Syslogd to process logs for multiple hosts

[tuaris]

The documentation says /etc/syslog.conf can allow for multiple hostname entries per line seperated by a comma, or I can drop a .conf in /etc/syslog.d/.

I can see the benifit of the above approach, but I want to allow an entire subnet the ability to use a centralized syslog server. Based on what I've read, this is only possible if I add a configuration option for each host in the subnet. ie:

+192.168.1.1
*.*                        /var/log/subnet.log
+192.168.1.2
*.*                        /var/log/subnet.log
+192.168.1.3
*.*                        /var/log/subnet.log

Is there a way I can wildcard the host name? Do something like this?

+192.168.1.0/24
*.*                        /var/log/subnet.log

Or even better this:

+.domain.com
*.*                        /var/log/subnet.log

 

[SirDice]

Is there a way I can wildcard the host name?

No. If it was possible it would have been mentioned in the man page. It's not mentioned, at all, so the safe conclusion is that it's not possible.

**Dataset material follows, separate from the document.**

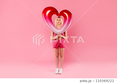 Happy cheerful young woman having fun with balloon wearing red heart shaped sunglasses, jumpsuit

If you want to do some fancy filtering based on hostnames (or IP addresses) sysutils/syslog-ng is probably a better choice.

 

[ShelLuser]

Is there a way I can wildcard the host name? Do something like this?

No, because what is happening here is that syslogd doesn't treat these as IP addresses but actual names. As such the wildcard would have no meaning.

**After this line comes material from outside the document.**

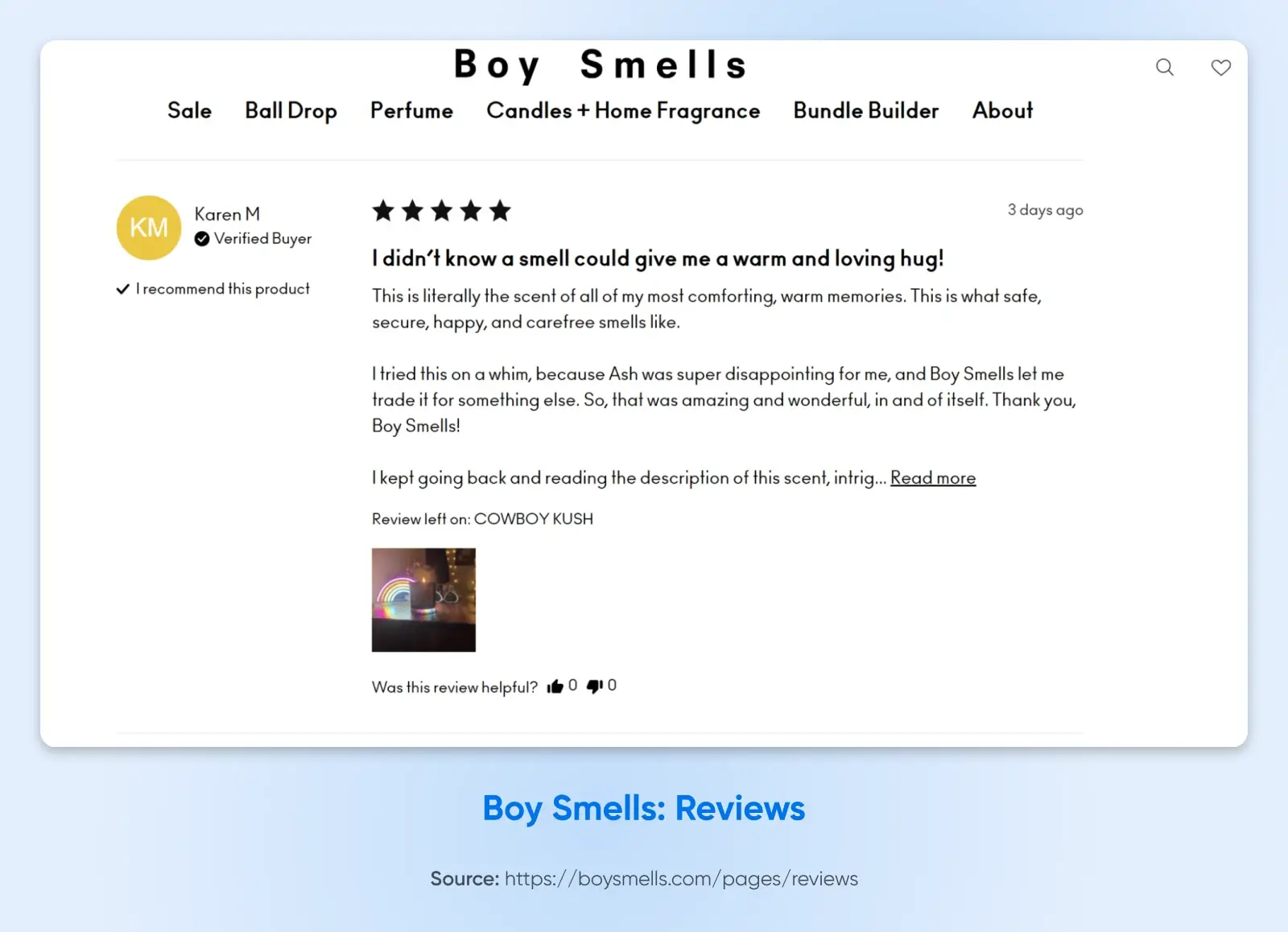 蜡烛品牌 Boy Smells 就在网站上自豪地展示了他们的评价(好的或坏的)。

But based on your example I also don't understand why you'd need this?

Instead of trying to include dozens of hosts to log onto one file, do the opposite instead: exclude your current host and then only your remote hosts are left to log to the logfile.

#-mylocalhost
*.*       /var/log/subnet.log
#*
<from here your local host is back included>

Something like that might also do the trick.

(edit) This is of course assuming that I picked up your example in the right way and that you wanted to use 1 logfile for all your remote hosts. If you want more separation per host then this would become a problem.